Leave out the pictures, and quote exactly the lines running from the one with "Приложение Викторина на" through the last line of the entries below.
*** Extracted information
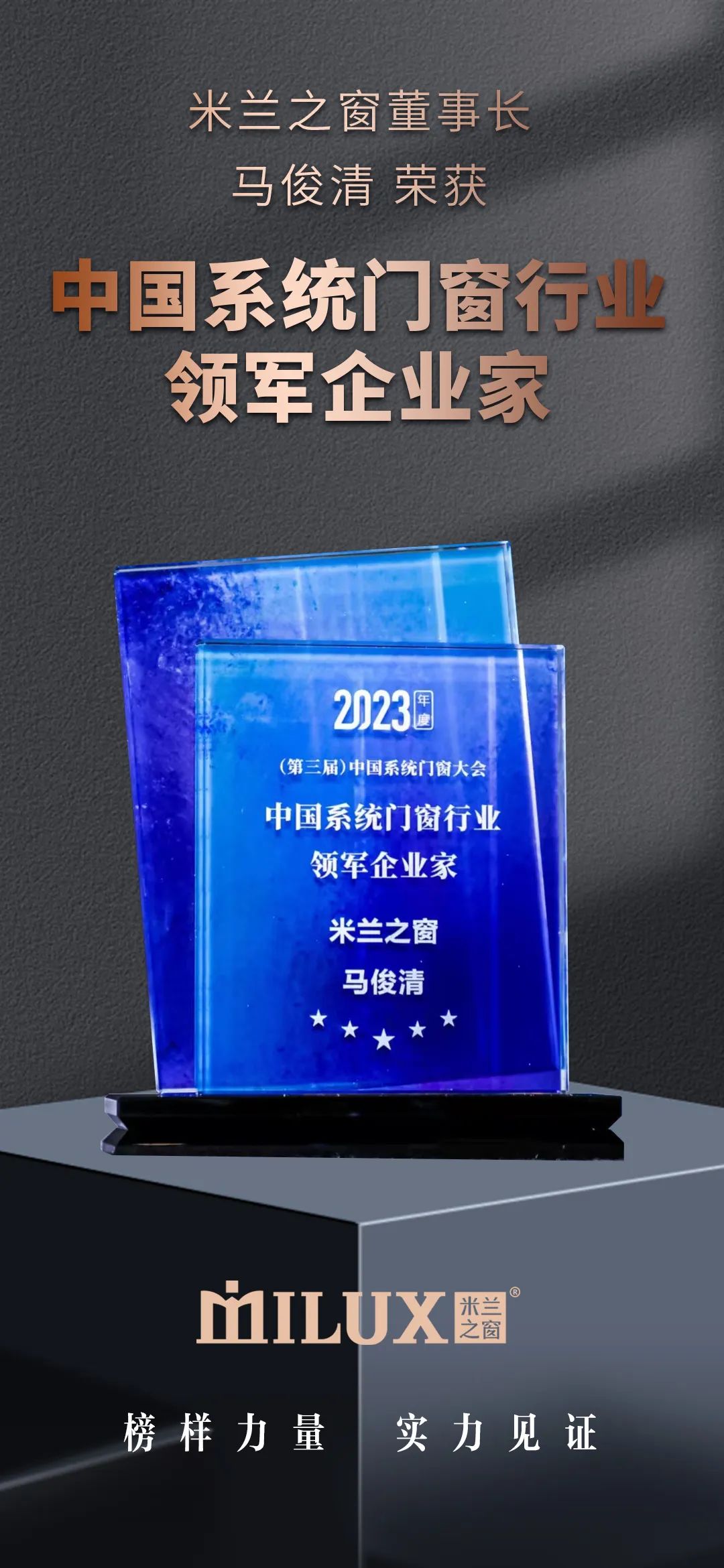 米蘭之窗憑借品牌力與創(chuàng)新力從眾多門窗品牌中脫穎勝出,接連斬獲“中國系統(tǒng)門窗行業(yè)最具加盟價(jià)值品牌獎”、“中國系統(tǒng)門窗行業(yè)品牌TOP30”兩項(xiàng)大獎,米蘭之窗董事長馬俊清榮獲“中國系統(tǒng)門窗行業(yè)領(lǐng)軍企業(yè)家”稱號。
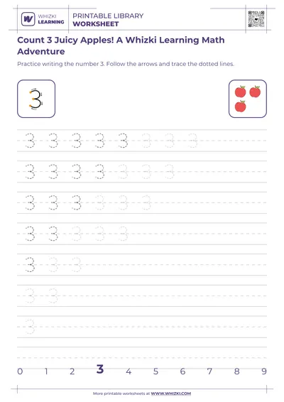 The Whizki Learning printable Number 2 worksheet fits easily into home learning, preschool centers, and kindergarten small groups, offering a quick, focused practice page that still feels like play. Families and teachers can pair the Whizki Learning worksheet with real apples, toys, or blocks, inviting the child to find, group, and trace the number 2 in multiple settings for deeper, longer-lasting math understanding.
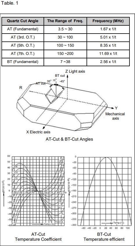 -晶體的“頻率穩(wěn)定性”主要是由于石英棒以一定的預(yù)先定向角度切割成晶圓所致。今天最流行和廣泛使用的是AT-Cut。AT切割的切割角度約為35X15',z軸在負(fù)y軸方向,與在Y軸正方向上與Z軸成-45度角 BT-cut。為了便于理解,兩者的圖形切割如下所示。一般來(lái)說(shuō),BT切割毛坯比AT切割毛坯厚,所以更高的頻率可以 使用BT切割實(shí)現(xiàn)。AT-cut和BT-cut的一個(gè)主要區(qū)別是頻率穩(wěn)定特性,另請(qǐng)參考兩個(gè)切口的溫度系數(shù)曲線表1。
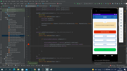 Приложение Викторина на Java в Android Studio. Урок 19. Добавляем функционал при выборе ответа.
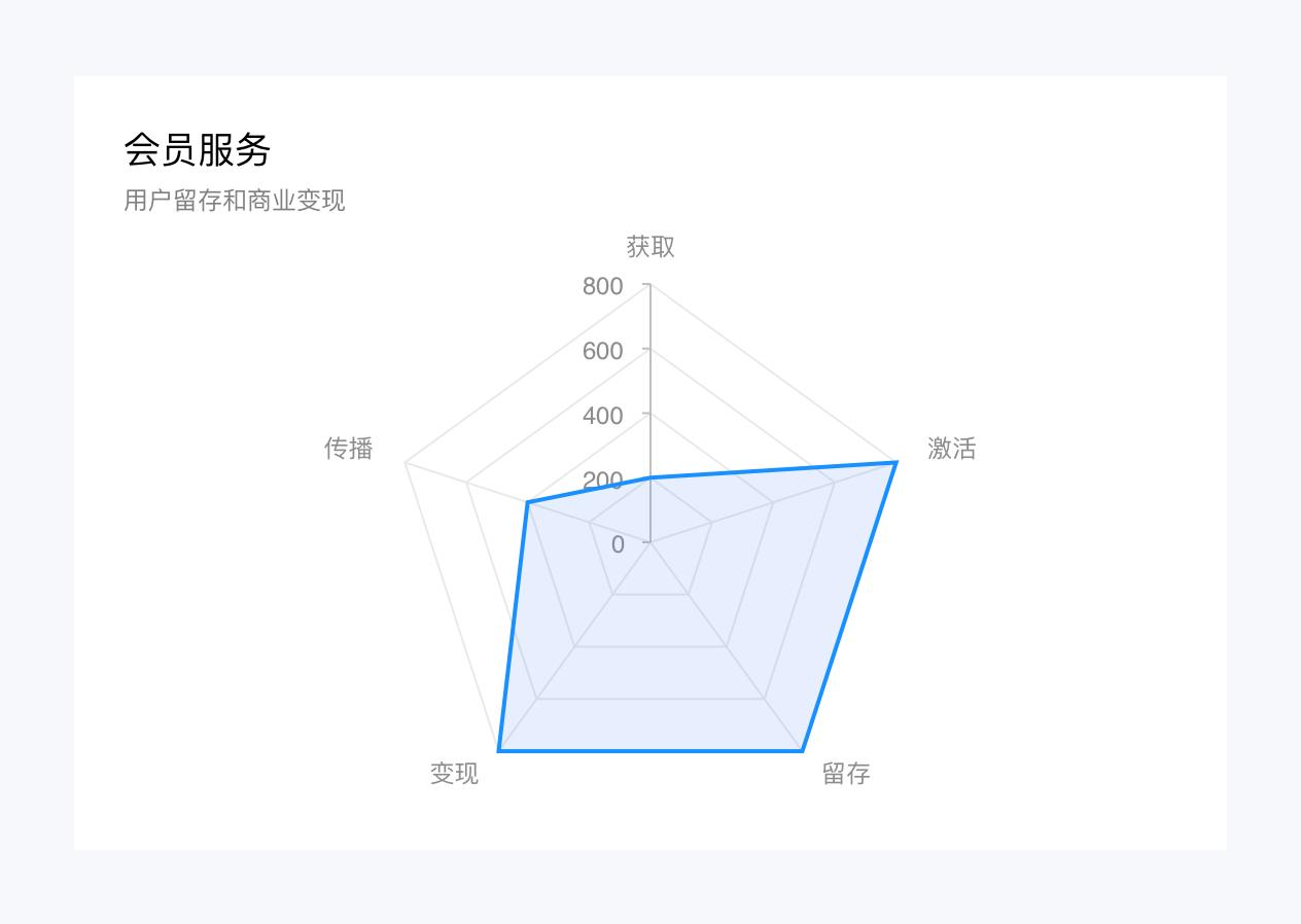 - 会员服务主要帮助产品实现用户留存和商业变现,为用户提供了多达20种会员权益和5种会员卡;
******
### Answer section
 Приложение Викторина на Java в Android Studio. Урок 19. Добавляем функционал при выборе ответа.
 - 会员服务主要帮助产品实现用户留存和商业变现,为用户提供了多达20种会员权益和5种会员卡;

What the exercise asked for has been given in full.